Ultra-thin sensor array for 3D curvature sensing

Flexible and stretchable systems-in-foil allow easy attachment to bodies with non-planar shapes and therefore offer a very attractive approach to new forms of sensing dynamic 3D shape changes. They may find applications in structural health monitoring or in the medical fields. This paper describes the design and fabrication of a novel 3D flexible curvature sensor-array on a plastic foil substrate which could be used for respiration monitoring of newborns. Each sensor element consists of four strain gages in a Wheatstone bridge configuration.

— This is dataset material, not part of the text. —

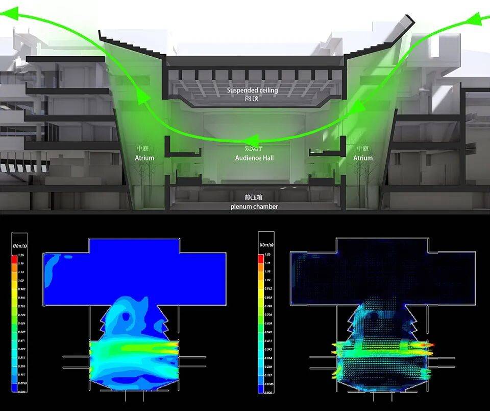 ▲观众厅自然通风分析及CFD气流模拟©BIAD

To suppress sensor response on foil stretching and to increase sensitivity to foil bending the strain gages are located on opposite foil surfaces. Two resistors of the Wheatstone bridge are placed on the top and the two others, which are orthogonal to the top side resistors, on the bottom of the foil substrate. Thereby, an output signal can be achieved, which is at least 100% higher when compared with a one-sided sensor design. To characterize the sensor, bending experiments have been performed of both the double-sided and one-sided sensor designs. As the carrier foil material, we used a SU-8 photoresist additionally encapsulated with Polyimide from both sides to protect the sensing elements. The resistors are made of gold and are fabricated by a sputter process with subsequent photolithography. The advantage of our process sequence is that the complete double sided sensor with a thickness below 50 mu m can be fabricated without the need to flip over the substrate in between. A key challenge in the fabrication process is the interconnection between the top and the bottom resistors. The interconnect vias are made in a photo definable interlayer and can withstand the bending experiments without disruption.